Nous retenons un ensemble d’éléments positifs que nous saluons et souhaitons voir repris partout et avec fermeté.

  • Vous avez répété à plusieurs reprises que  « l’homophobie n’a pas sa place dans le Judaïsme ».
  • Vous avez également précisé que nous avions l’égalité rituelle ; il n’existe donc aucun argument pour empêcher, par exemple, un homme homosexuel de monter à la Torah un jour de Shabbat.
  • Nous retenons aussi que les médiateurs du Consistoire seront à même de traiter les cas d’homophobie dans la communauté. Nous n’hésiterons pas à relayer cette information auprès de nos membres, et à envoyer les personnes qui seraient victimes d’actes ou de propos homophobes vers l’adresse suivante : mediateur@consistoirecentral.fr
  • Vous avez également vanté les mérites du programme de formation « Emouna » à Sciences-Po, pensé pour sensibiliser les futurs leaders religieux aux différents types de discrimination, dont l’homophobie.
  • Vous enseignez vous-même dans l’école rabbinique que l’épisode de « Sodome et Gomorrhe » n’est pas, comme on pourrait le croire, une condamnation divine de l’homosexualité. Le problème venait, au contraire, du refus de ses habitants d’accueillir l’étranger/le pauvre. Nous saluons votre interprétation selon laquelle le refus d’inclure les personnes LGBT reviendrait, pour la communauté juive, à reproduire.

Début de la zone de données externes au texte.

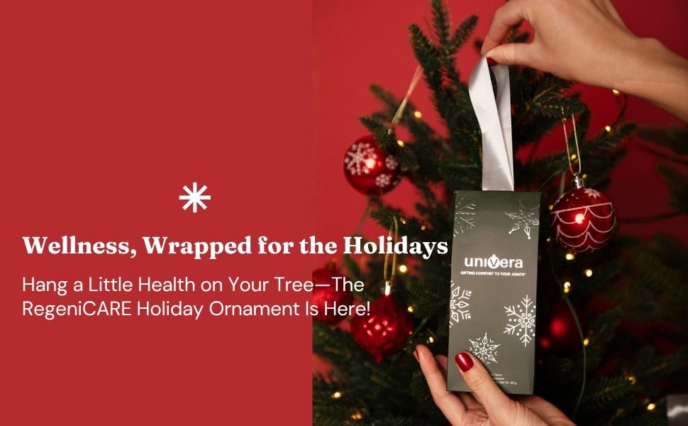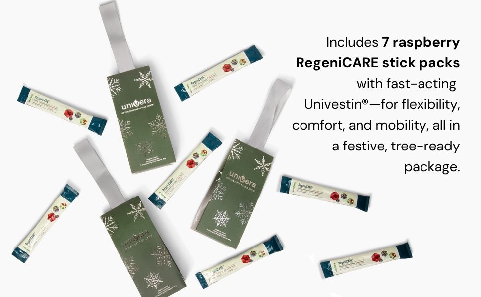 This season, give the gift of comfort and care with the limited-edition RegeniCARE Holiday Ornament—a festive, tree-ready package filled with 7 raspberry-flavored stick packs of our best-selling joint support formula.
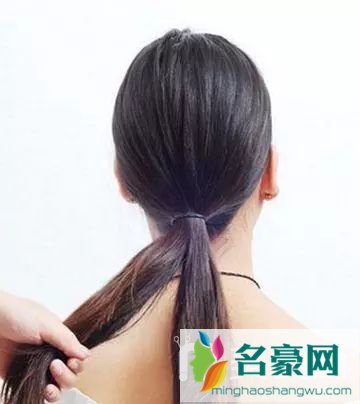 第二步:然后将散开的中长直发聚集在脑后发际线上方一点的位置,用梳子梳理光滑后,用一根细细的皮筋扎成低低的马尾辫,将马尾辫分成均等的两份。如图所示。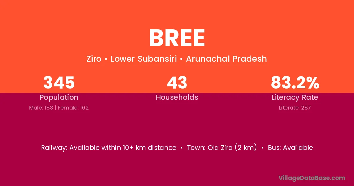 Old Ziro (2 km) is the nearest town to Bree village for major economic activities and is located approximately 2 km away.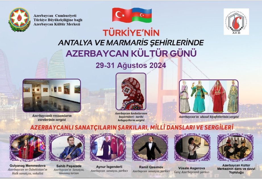 Həmçinin Antalyada Azərbaycan incəsənət ustalarının iştirakı ilə geniş konsert proqramı keçiriləcək. Konsertdə Azərbaycan və Özbəkistanın Xalq artisti Gülyanaq Məmmədova, Azərbaycanın Əməkdar artistləri Ramil Qasımov, tarzən Sahib Paşazadə, gənc azərbaycanlı müğənnilər Aynur İsgəndərli, Vüsalə Əskərova milli musiqi əsərlərimizi Mədəniyyət Mərkəzimizin Azərbaycan Xalq Rəqsləri Ansamblı isə milli rəqslərimizi ifa edəcəklər.

Nous souhaitons vivement que plusieurs rabbins du Consistoire travaillent ensemble à la rédaction d’un ouvrage lié à tous les sujets relatifs à cette nécessaire inclusion, comme cela a déjà été fait par des orthodoxes, en Grande-Bretagne et en Israël.

Nous réaffirmons que les problèmes d’homophobie dans les synagogues ne proviennent pas d’une autocensure des personnes LGBT (« homophobie intériorisée ») mais bien d’un climat d’homophobie que des rabbins en exercice ont pourtant le pouvoir de réduire.

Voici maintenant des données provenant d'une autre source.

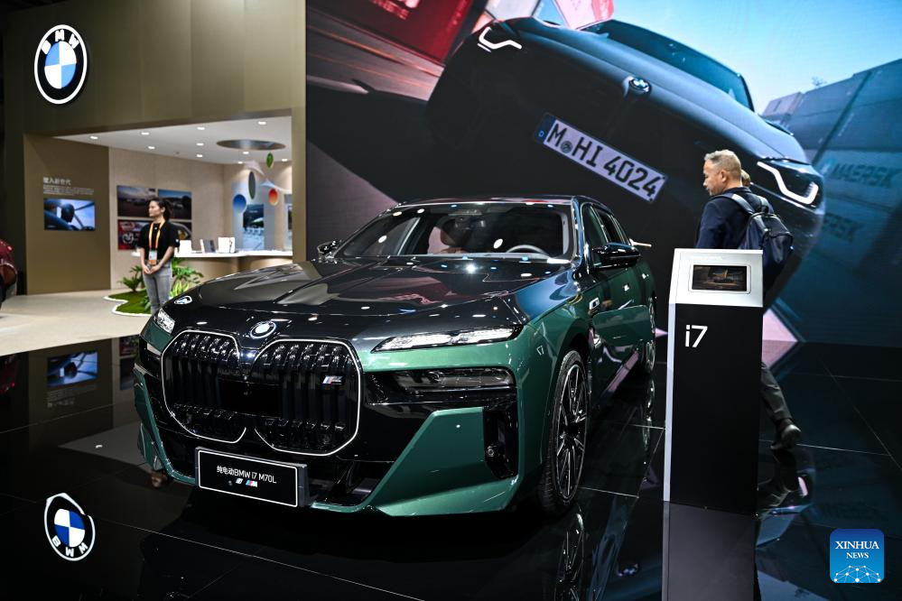 A BMW i7 electric luxury sedan is on display at the Automobile Exhibition Area during the seventh China International Import Expo (CIIE) in east China's Shanghai, Nov. 7, 2024. The Automobile Exhibition Area, with the theme of "Unlimited Mobility Possibilities in the Future," serves as a platform for showcasing high-end technology and debuting new automotive products. (Xinhua/Xin Yuewei)

Nous ne partageons pas votre opinion, quant aux propos du Rav Sitruk qui ont, selon vous, « dépassé sa pensée ».

Il ne s’en est jamais vraiment expliqué et n’a pas pris l’initiative de s’excuser directement auprès de la communauté LGBT (qu’il ne nomme même pas)…

Quoiqu’il en soit, cela a clairement causé du tort au Judaïsme français et à la communauté des juifs LGBT blessée par ces propos.

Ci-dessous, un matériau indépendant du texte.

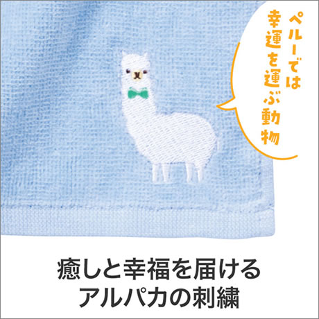 ふんわりとした手触りと、かわいいアルパカの刺繍が魅力。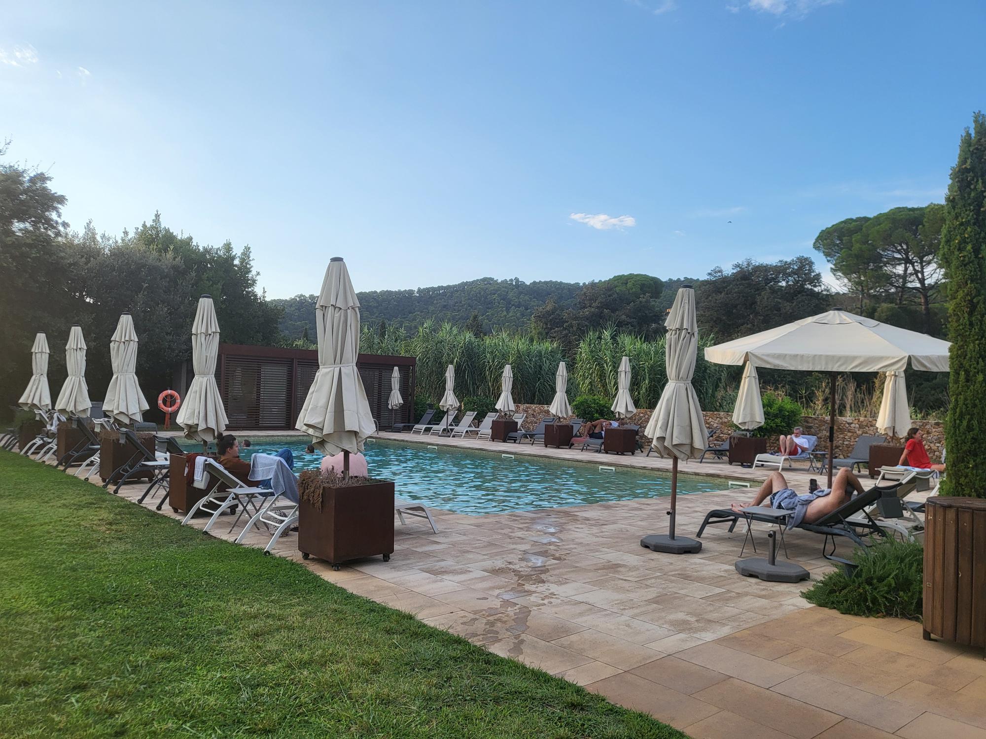 After 2 days exploring Barcelona, Liane and I meet Maureen at the Estacio de Autobuses Barcelona Nord. We are about to embark on our 6-day hike of the Cami de Ronda along the Costa Brava in Northern Spain. The bus takes us to Palamos. When we arrive at the new Moventis bus station at the outskirts of Palamos, I call a taxi. I explain in my best Spanish where we are and where we need to go. Hotel Mas Del Sol, in the middle of nowhere, in between Palamos and Palafrugel. To my relieve, 20 minutes later, a taxi with a nice lady shows up and she drives us to the remote location of our old and beautiful farmhouse hotel.

Il est, en outre, des points fondamentaux que nous aurions aimé pouvoir aborder, mais qui, faute de temps, n’ont pu être traités :

Nous aurions, par exemple, souhaité vous interpeller sur cette idée, communément admise chez un grand nombre de rabbins, consistoriaux ou non, que le rejet des homosexuels en tant que personnes est injustifiable, même si l’homosexualité est condamnable.

Le message paraît délicat à faire passer, dans la mesure où, précisément, il lance deux appels contradictoires.

Un appel à la tolérance… et un appel à la méfiance.

Lutte-t-on efficacement et sincèrement contre l’homophobie, quand on continue d’envisager l’homosexualité comme une chose apocalyptique et profondément répréhensible ? Outre que ce discours véhicule un double message, il encourage ses auditeurs à s’inscrire dans un rapport aux homosexuels qui sera, au mieux, un rapport paternaliste : « Faites l’effort de les accepter, malgré ce qu’ils font ! »

Ensuite et toujours en se référant à votre ouvrage « À corps et à toi », nous comprenons mal comment on peut envisager l’homosexualité sous l’angle d’un « choix de vie ». Notre sexualité n’est pas un choix. Notre sexualité fait partie intégrante de ce que nous sommes.

Autant de questions, Mr le Grand Rabbin, sur lesquelles nous aurions aimé vous entendre, car elles sont pour nous capitales.

Ceci dit, cette conférence nous donne de l’espoir.

Celui de vous entendre sur les questions précitées, mais aussi et surtout, de pouvoir construire, à l’avenir, une vraie relation d’échange et de dialogue avec vous.

Nous gardons en tête les paroles réconfortantes et bienveillantes que vous avez prononcées mercredi soir, et l’honneur que vous nous avez fait par votre présence.

Nous espérons, enfin, que vous mettrez dorénavant votre énergie à accueillir des personnes LGBT au sein des institutions et communautés juives.

Pour notre part, nous maintenons notre vigilance et continuerons de refuser la banalisation du discours homophobe, par tous les moyens légaux.